Si Les Thibault sont un roman-fleuve, ils pourraient ressembler — n'en déplaise à Jean-Christophe — au Rhin, dont le caractère change à plusieurs reprises à mesure qu'il s'écoule des Alpes à la mer du Nord.
Il y a, d'abord, les six premiers tomes, du Cahier gris à La Mort du père, qui constituent presque un cycle à eux seuls. Ils sont d'ailleurs issus du premier mouvement intellectuel de Roger Martin du Gard, qui a d'abord conçu d'écrire un grand cycle dans lequel les personnages seraient suivis du début du siècle jusqu'aux années 1940. On y découvre les deux familles centrales, Thibault et Fontanin, chacune avec sa dureté ou son austérité, dans un style classique, délicieusement NRF, qui ne s'arrête jamais pour une description superflue mais nous fait découvrir les personnages au fil de l'eau, par touches légères. Le dramatis personae est étonnamment resserré : on quitte peu le cercle étroit des frères Thibault et de leur père, d'un petit entourage domestique, des deux enfants Fontanin et de leurs parents. C'est d'abord un gros roman psychologique de facture assez traditionnelle qu'a composé Martin du Gard. Sa réussite dans l'exercice est tout à fait notable, surtout en ce qui concerne la famille Thibault. Le personnage d'Antoine me semble particulièrement vivant et crédible, ce qui est d'autant plus précieux qu'il représente un type humain assez rare en littérature, du moins parmi les protagonistes : celui du personnage positif et énergique, technicien plein de ses facultés et finalement assez borné en dehors du “cercle étroit de sa spécialité” (Musil). Le père Thibault, Oscar, est aussi fort marquant et le sixième tome consacré à son agonie — je ne révèle rien en cela qui excède la portée du titre — est un petit chef-d'œuvre.
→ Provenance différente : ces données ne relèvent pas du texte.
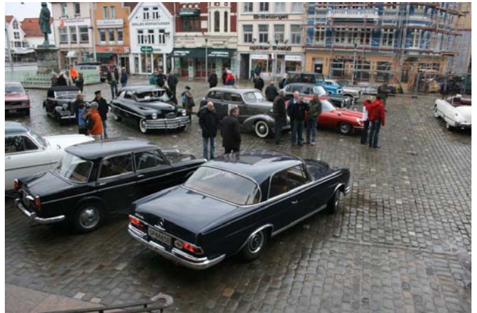
Fra Vågsalmenning. Noen av bilene.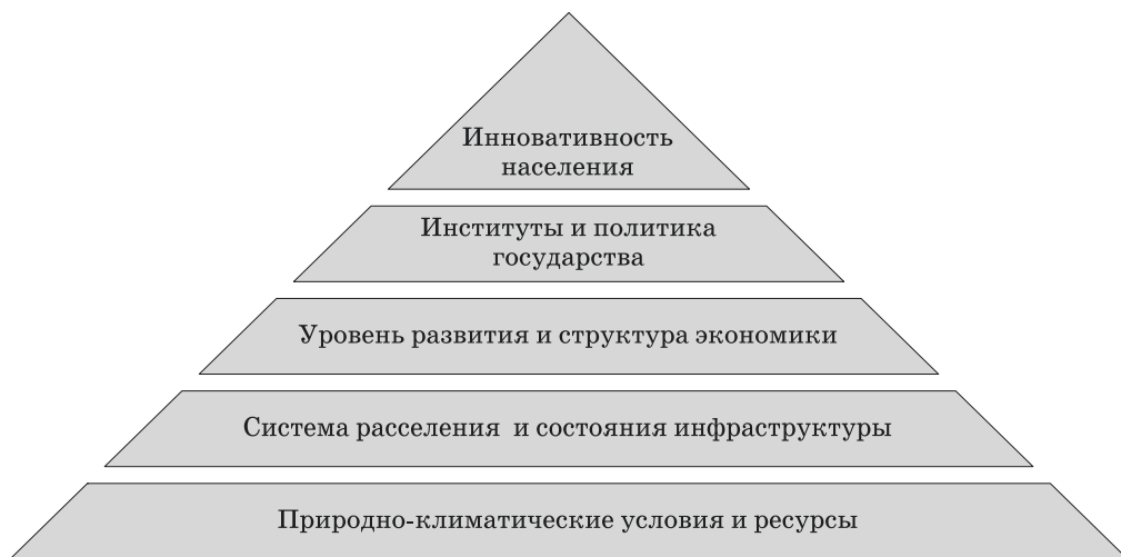
Рис. 1. Пирамида факторов регионального развития Fig. 1. Pyramid of regional development factors

ляется наличие конкурентного преимущества, это позволяет ускорить экономический рост, привлечь инвестиции, концентрировать высококвалифицированные трудовые ресурсы. Формирование конкурентного преимущества зависит от определенной среды и условий внутри региона. В рамках своей работы «Пирамида факторов социально-экономического развития регионов» [3, с. 125] д. э. н. О. В. Кузнецова предлагает концепцию формирования иерархичной системы факторов экономического и социального развития региона по принципу пирамиды Маслоу (рис. 1).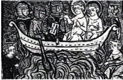
یوحنا رسول در سفر بشارتی. نقاشی متعلق به قرن ۱۴.

دعوت به زندگی در اتحاد تنها به اعضای کلیساهای محدود نمی شود بلکه روابط کلیساهای یوحنا با سایر کلیساهای نیز مد نظر است یعنی «کلیسای بزرگ که مظهر آن پطرس است. روایات مربوط به پطرس و «شاگرد محبوب» از جمله روایت ورود به قبر عیسی (۱:۲۰-۱۰) و همچنین آخرین صحنه این انجیل (۲۱:۲۰-۲۴) حاکی از این موضوع است. هر گروه تجربیات خود را بیان می کند و دعوت خاص خود را دارد ولی تجربیات و بیان سایر کلیساهای را رد نمی کند بلکه برعکس همگی نشانگر یک حقیقت واحد در مسیح قیام کرده هستند. این اجتماعات و روابطی که خواهان آن بودند به ما نشان می دهند که گشودن درها به سوی یکدیگر در حفظ حیات قدرتمند کلیسا اهمیت خاص دارد.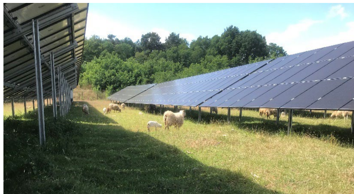
Abbildung 6: Extensive Schafbeweidung im Solarpark

Die Beweidung der Anlage mit Schafen stellt eine effektive und gleichzeitig naturnahe Pflegemöglichkeit dar, um z. B. eine Verschattung der Module zu vermeiden. Die Schafe finden unter den Modulen Schutz vor der Witterung. Durch ihre Tritte schaffen sie bereichsweise offene Stellen, wodurch kleinräumige Strukturen entstehen, welche besonders von konkurrenzschwachen und damit seltenen Tieren und Pflanzen besiedelt werden.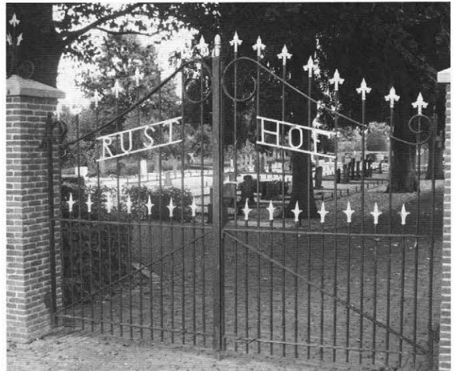
Een rusthof? Voor Gods volk geldt dat hun lichamen waarlijk mogen rusten in hun graf. 'Zij zullen rusten op hun slaapsteden', zegt de profeet Jesaja.

Onbegrensd en onbeperkt is ook Zijn almacht, daar zijn geen palen en perken aan te stellen. Mensen kunnen zich laten cremieren met op de bodem van hun hart de gedachte dat zij dan niet meer door God op te wekken zijn en dat zij zo het laatste oordeel zullen ontlopen, maar die gedachte zal blijken geheel ijdel te zijn. Wij zijn sinds onze val in Adam op de vlucht voor God, maar we kunnen God echt niet ontvluchten. Kwamen we daar maar werkelijk eens achter. Wat zou het groot zijn als we hier in dit leven door God inwendig tot verantwoording geroepen worden, maar wat zal het ontzaglijk erg zijn als dit straks na dit leven voor het eerst zal gebeuren. Gecremeerd te zijn, zal dan niet baten. God is een almachtig God. Daar zijn er van Gods kinderen die als martelaren op de brandstapels verbrand zijn, daar zijn er die verscheurd zijn door de wilde dieren, waar niets van overgebleven is, maar toch zal God hun stof op de jongste dag bijeenvergaderen. Voor Hem is niets te wonderlijk!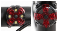
←カバーを回転させ 白色/赤色の発色を選択可能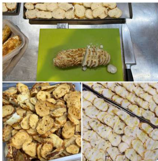
Figura 19 - Produção das torradas da casa.

Após o tempo de forno, as torradas eram resfriadas e armazenadas em potes plásticos (Figura 19), facilitando o serviço e garantindo que permanecessem crocantes. Essas torradas eram utilizadas como acompanhamento para entradas como o queijo brie empanado na massa folhada com geléia de frutas vermelhas e em antepastos como o de berinjela ou o de sardela .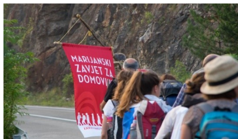
Slika br. 3. Hodočasnici na Marijanskom zavjetu za Domovinu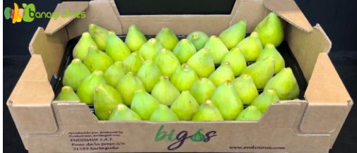
FIGUE VERTE BIO BIGOS Cal. 42 - Espagne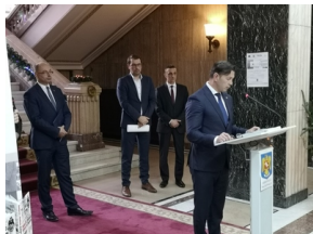
Mihai Cătălin Necula - wiceminister, sekretarz stanu w MSW Rumunii - Bukareszt, 19 grudnia 2019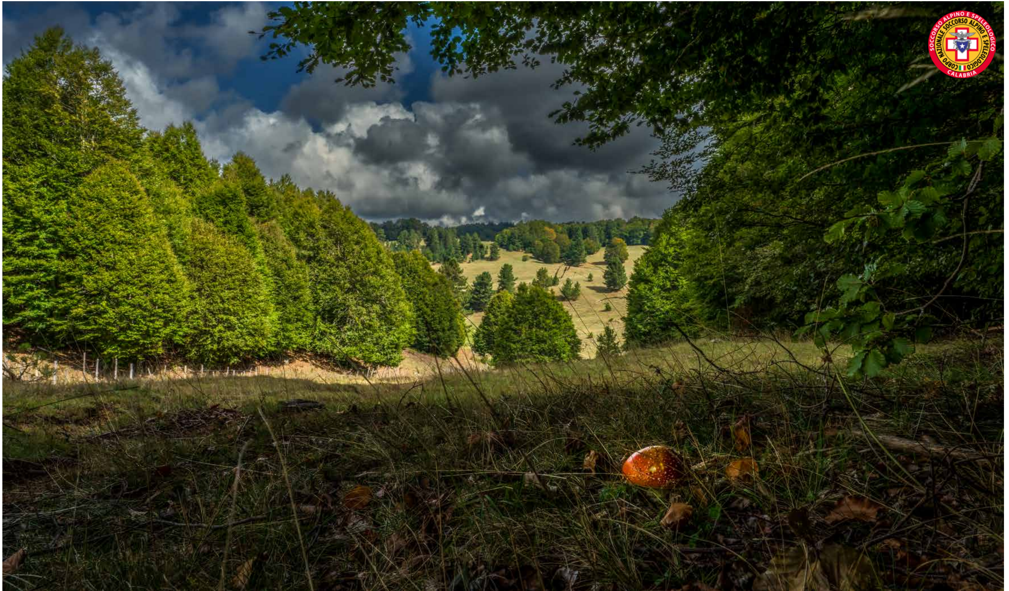
Parco Nazionale della Sila, Val di Tacina - Sila Piccola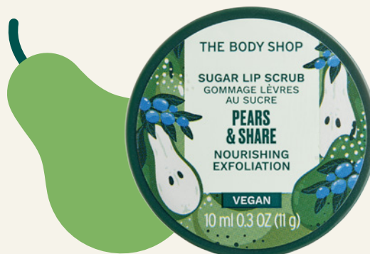
Édition spéciale Gommage Lèvres Pears & Share The Body Shop Pot 10ml, 6€

Le tournant du septième tome, L'Été 1914, est fort marqué — il s'agit d'ailleurs d'une véritable rupture dans le projet artistique de Martin du Gard, qui décide de centrer la fin de son cycle sur la guerre, alors que ledit cycle ne devait faire que la traverser (un roman détruit, L'Appareillage, occupait cette septième place). Si ce virage a sans doute valu à son auteur le Nobel de Littérature, on ne peut être convaincu que la littérature elle-même y a gagné. L'Été 1914 est un récit très détaillé des quelques semaines qui précèdent l'éclatement de la Première Guerre mondiale. S'il s'agit d'un document précieux — on n'est pas sans songer, en le lisant, aux Sleepwalkers de Christopher Clark —, nourri de la méthode chartiste de son compositeur, l'ennui gagne parfois pendant qu'on égrène, jour après jour, les petits événements qui ont déversé toute l'Europe sur les champs de bataille. Ce rythme de feuilleton historique affaiblit la composante psychologique de l'œuvre, et on peine à retrouver de grandes scènes dans cette part de l'ouvrage, alors que la volonté de Martin du Gard de présenter un panorama de l'époque le conduit à multiplier les petites invraisemblances (le milieu genevois de Jacques Thibault, l'invraisemblable destruction de documents compromettants, etc.).
Puis l'œuvre s'achève sur un tome qui peut rappeler, quant à la façon, les premiers, mais qui est profondément marqué par l'empreinte de la guerre : L'Épilogue, en 1918. Ayant ainsi enjambé tout le conflit mondial sans montrer une scène de combat, on retrouve un Antoine Thibault ruiné par la guerre, suffoquant après une attaque à l'ypérite, qui déambule une dernière fois dans son monde englouti. Ce dernier tome surprenant et sombre, malgré les lueurs d'optimisme qui percent sous la cendre, comprend des séductions ; mais, comme L'Été 1914, il est alourdi par un discours politique très marqué par son temps. Il renoue de plus avec un usage abondant des lettres “enchâssées” dans le récit, qui caractérisait déjà le premier tome, et qu'on peut ne pas trouver entièrement convaincant.
Au total, s'il faut lire Les Thibault, au moins pour la force de la première moitié du cycle, on ne peut que regretter que Martin du Gard n'ait pas suivi le plan de sa Fabulation générale des Thibault, qui aurait dû le conduire jusqu'aux années 1940 en creusant le sillon psychologique qui me semble être la grande force de son œuvre. Il y eût perdu un Nobel et la gloire, mais le lecteur du XXIe siècle y aurait sans doute gagné.